Plainsight's computer vision solutions and end-to-end vision AI platform streamlined mechanized and manual operations alike, harnessing the power of AI. Given these capabilities of computer vision, WWT believed that Plainsight's technology offered the ideal solution for the specific challenge facing the National Restaurant Chain.
For the POC solution, WWT and Plainsight employed the newest technologies in AI, image capture, and infrastructure to deliver automated analytics for greater predictive capabilities.
A camera was installed over a serving station on the steam table, placed unobtrusively beneath the sneeze guard and trained on a food container to capture real-time video feeds. In addition, WWT deployed a vision AI model to monitor and calculate container fill levels. This regression model used the existing serving station-weighing system in initial training to confirm or adjust the weight measurements.

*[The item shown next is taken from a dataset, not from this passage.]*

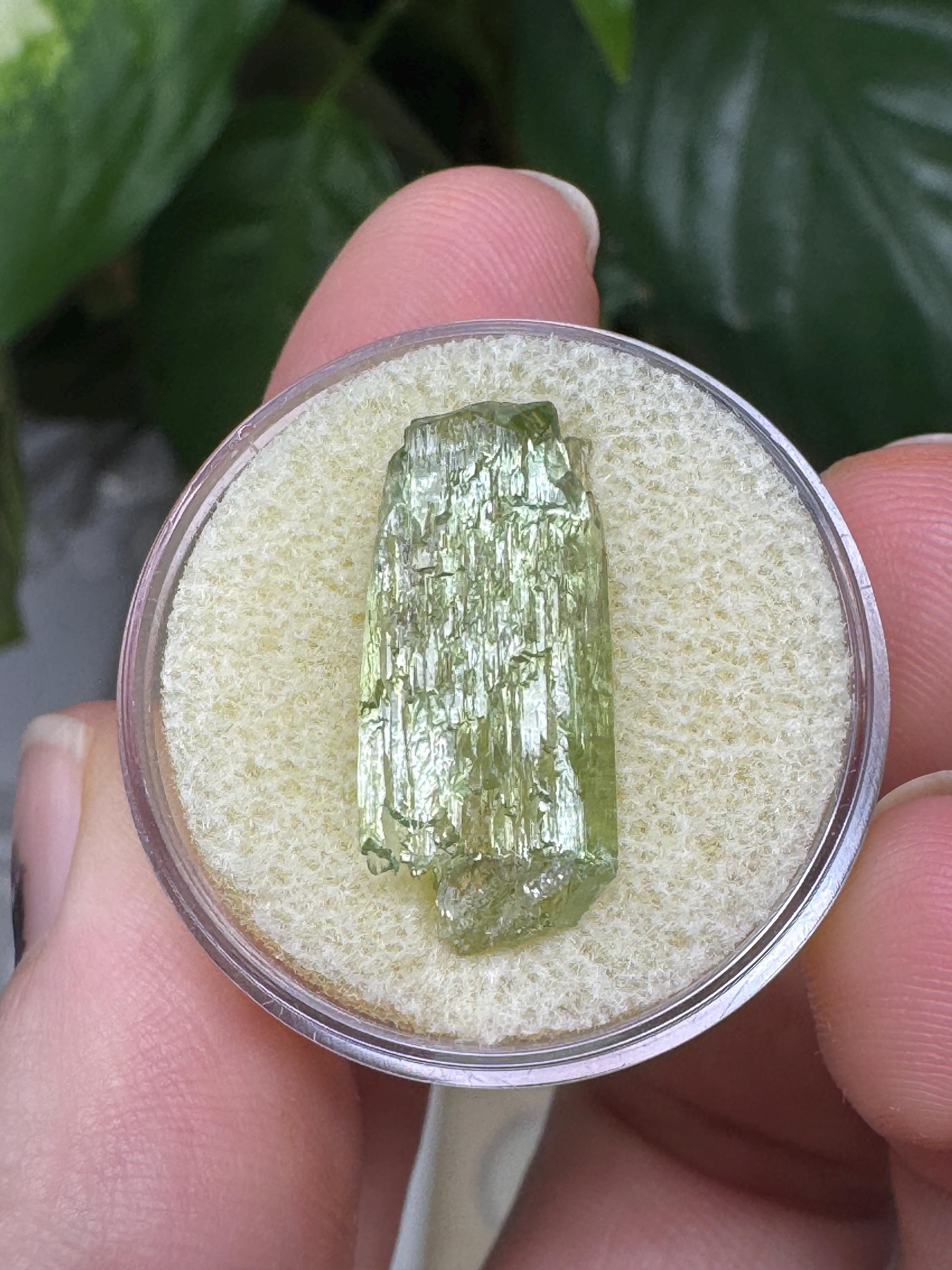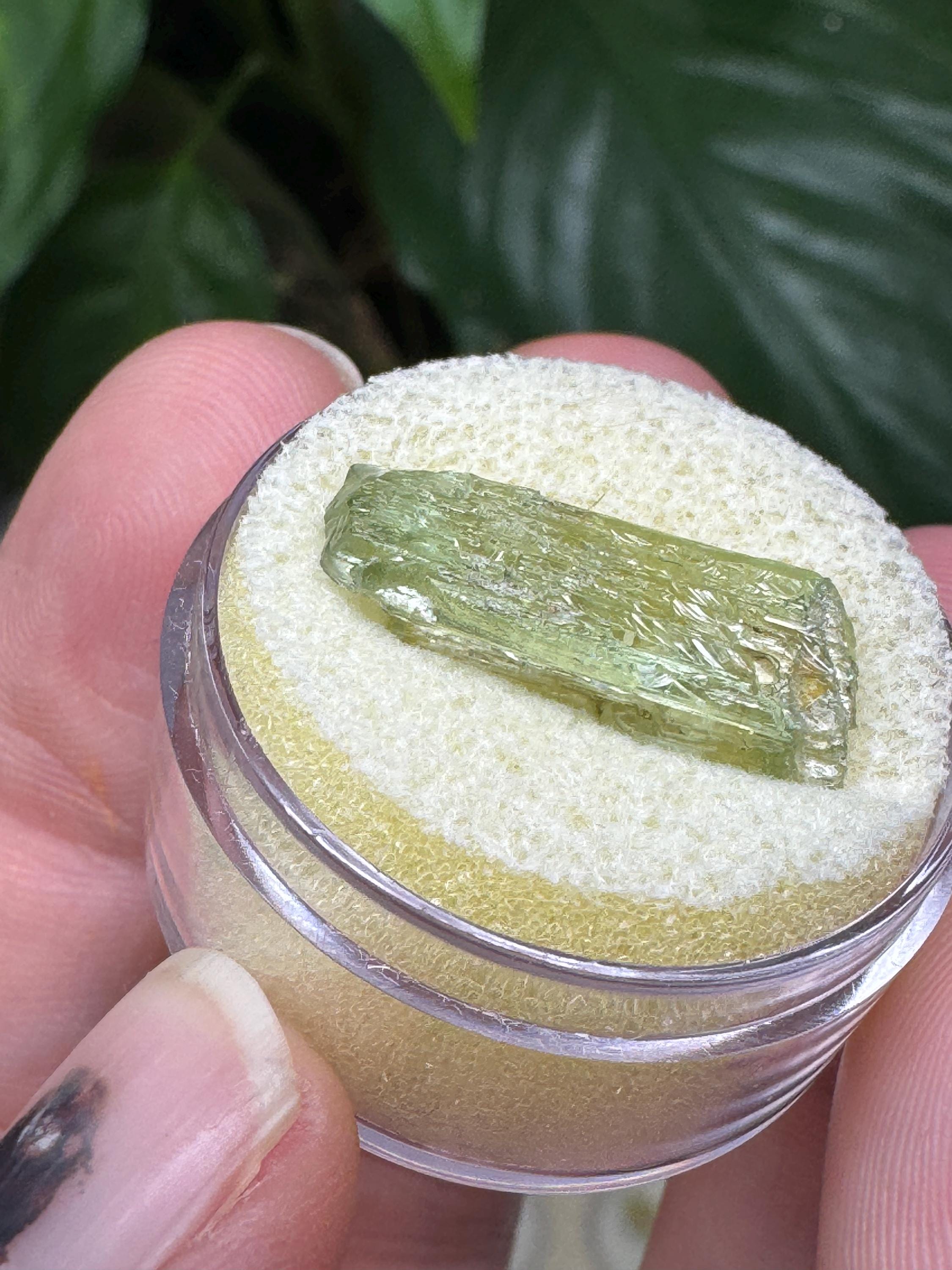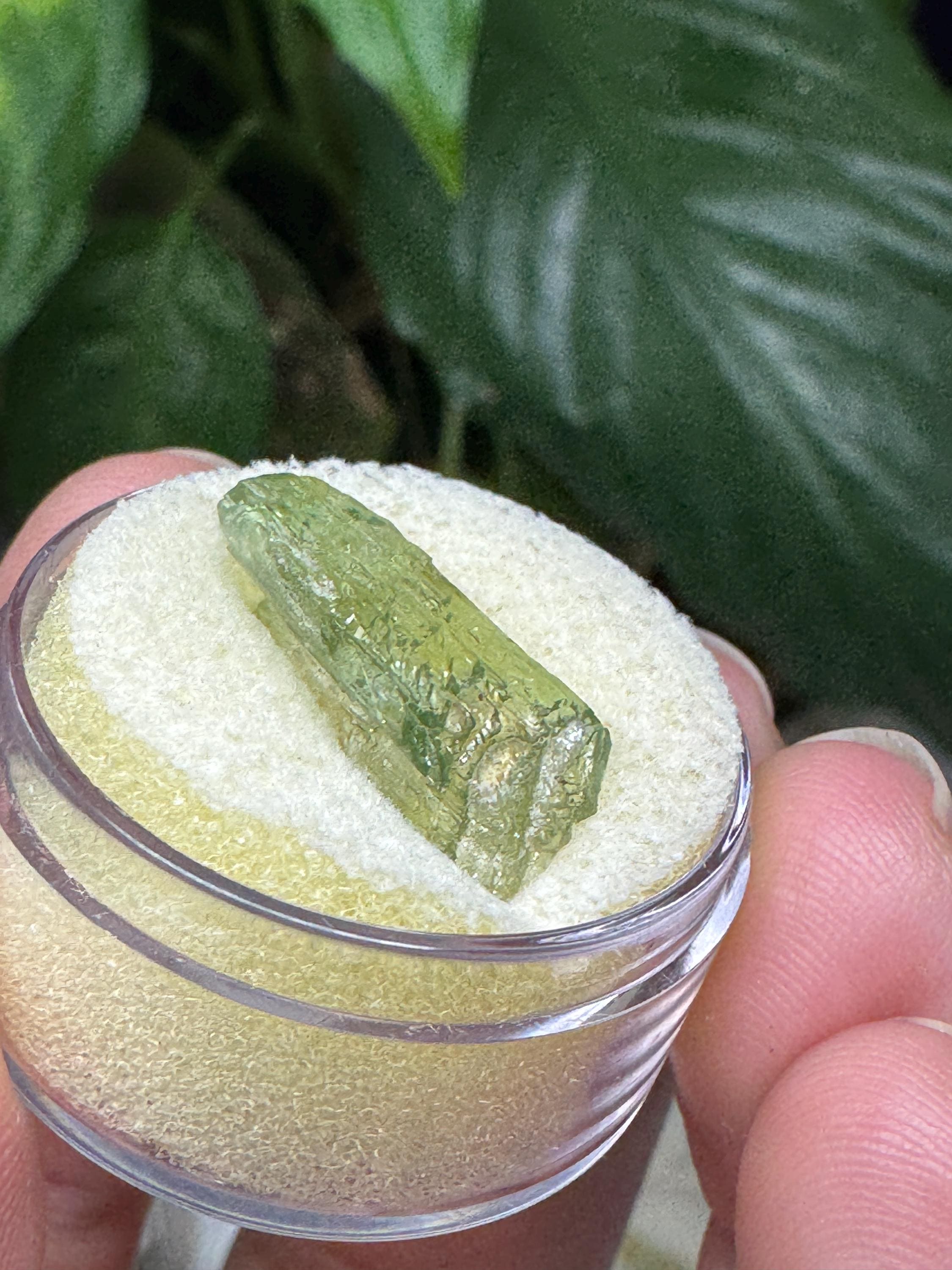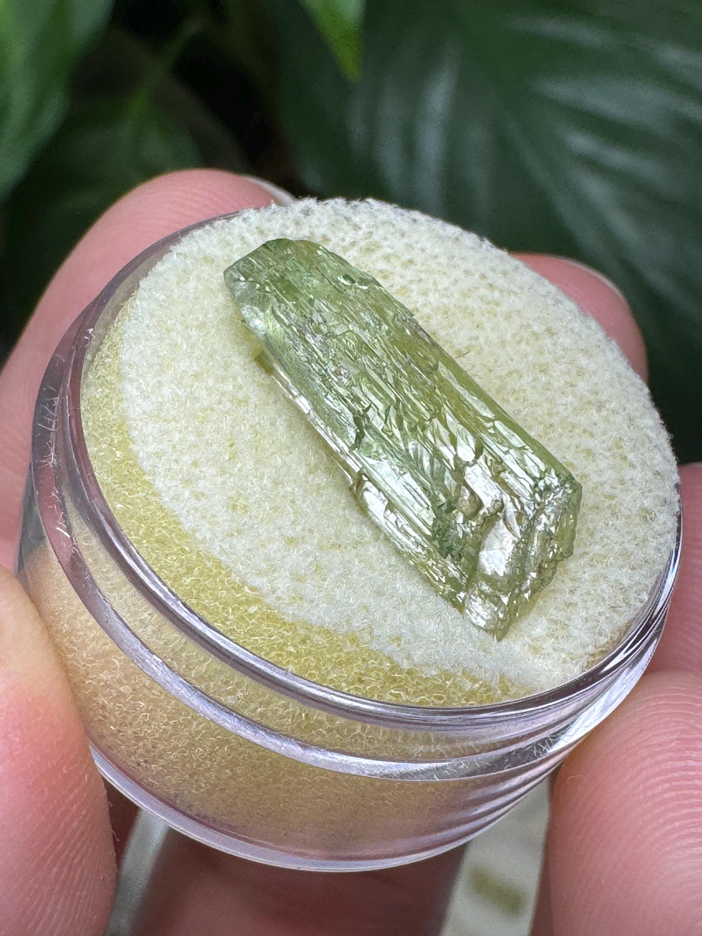 Beautiful Hiddenite from Hiddenite NC, Adams Farm. Good size and terminations. Mined by Terry Ledford in 2007. Comes in a .5" case. 8.25ct. 2cmAll minerals come with a collection card.

Once accurate results were achieved by the model, the visual AI-powered technology could be used alone to achieve highly accurate results. In addition, Google Cloud resources were leveraged to facilitate Plainsight's fusion of model training and sensor-based weight data to correctly identify the remaining quantity of each specific menu item.
In our consultative role as digital transformation specialists, WWT brought together the ecosystem resources to strategize and execute this POC success, melding physical spaces and digital data for real-world quality improvements. WWT, a frequent participant in Intel's history of supporting emerging technology innovations, approached Intel with this National Restaurant Chain POC opportunity.
By providing critical POC funding as part of its continuing technology alliance with WWT, Intel acknowledged the strong potential for this future-forward solution. In doing so, Intel supports our joint focus on new edge AI and analytics solutions that offer high-performance, cost-effective business transformation based on Intel® technology platforms wherever precision and predictability are key.
WWT was able to validate the AI-powered computer vision solution with a small amount of POC data, with bottom-line benefits that included:
- 95% initial accuracy of food measurement, minimizing the potential for human error, eliminating reliance on weight sensors and ensuring food items could be properly replenished before shortfalls occurred.
- Potential to increase sales – The long-term vision is to monitor all food levels so that favorite entrees are kept in consistent, reliable supply – an achievement of revenue growth that could be achieved with significant implications if the POC were rolled out to all of their thousands of store locations.
- Speed of implementation and validation – Thanks to the computer vision automation built into the vision AI platform, and to Plainsight's close alliance with Google Cloud as part of its overall agnostic offering of cloud service providers, WWT was able move quickly to implement the solution.
- Potential to enhance customer satisfaction as intelligent food management technology helps ensure a consistent, timely supply of the fresh, high-quality entrees that are foundational to the National Restaurant Chain's brand promise.
This powerful alliance – the digital transformation expertise of WWT, the AI-powered computer vision platform and solutions from Plainsight, the resources of Google Cloud, and the edge technology leadership and funding support of Intel – have been harnessed for a significant proof of concept that has the power to extend predictive analytics far beyond food management.